Et là où les productions Netflix semblent un peu trop construites sur des critères un peu trop visibles, avec la bonne dose de représentants de toutes formes de minorités (ce qui les rend souvent un peu trop artificielles), King parvient à s’inscrire dans la mouvance actuelle avec aisance : la mère de Jamie, agent littéraire, a une petite amie qui travaille dans la police, et les relations que le jeune narrateur aura avec cette femme très « rentre-dedans » font une grande partie du sel du récit.
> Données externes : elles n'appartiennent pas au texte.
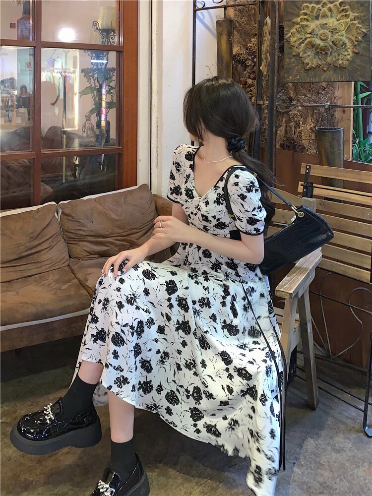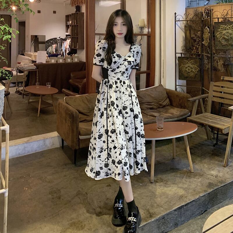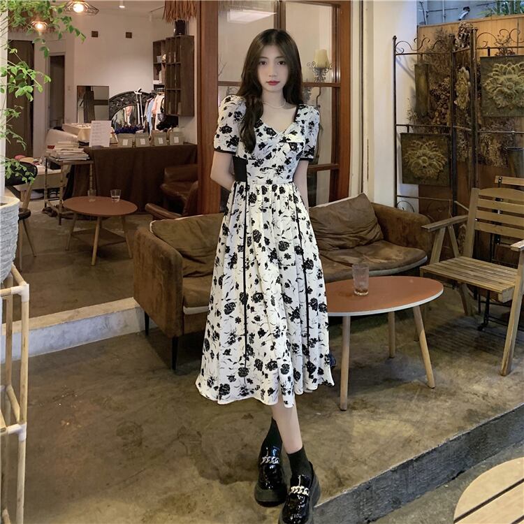 フローラルスリーブワンピース夏服スタンダードウェストスカート レトロ 夏物 花柄 ウエスト SYJ1085961896

Un roman vaguement initiatique, plaisant à lire, qui fera doucement frissonner et parfois sourire. Une mini-série est en cours de production avec Lucy Liu dans le rôle féminin principal (à surveiller donc, même si les portages à l'écran des textes de King n'ont pas toujours été une grande réussite, cf. ce petit dossier). Les images en noir & blanc sont tirées d'une série limitée d'illustrations par Rob Gale.

J'ai découvert après que pas mal d'auteurs mouraient à leur table de travail. Une profession à risque, on dirait.

 


+ Les points positifs - Les points négatifs
  • Stephen King. 'nuff said.
  • Un roman agréable, relativement court (pour du Stephen King) et plutôt rythmé.
  • Une histoire de revenants traitée à hauteur d'enfant.
  • Des personnages dépeints avec minutie et justesse.


  • Des péripéties prévisibles.
  • King choisit de ne pas entrer dans l'explication des phénomènes surnaturels et opte pour l'angle du fantastique ordinaire. C'est parfois frustrant.
  • Un récit à la portée réduite, qui ne vaut que par sa narration.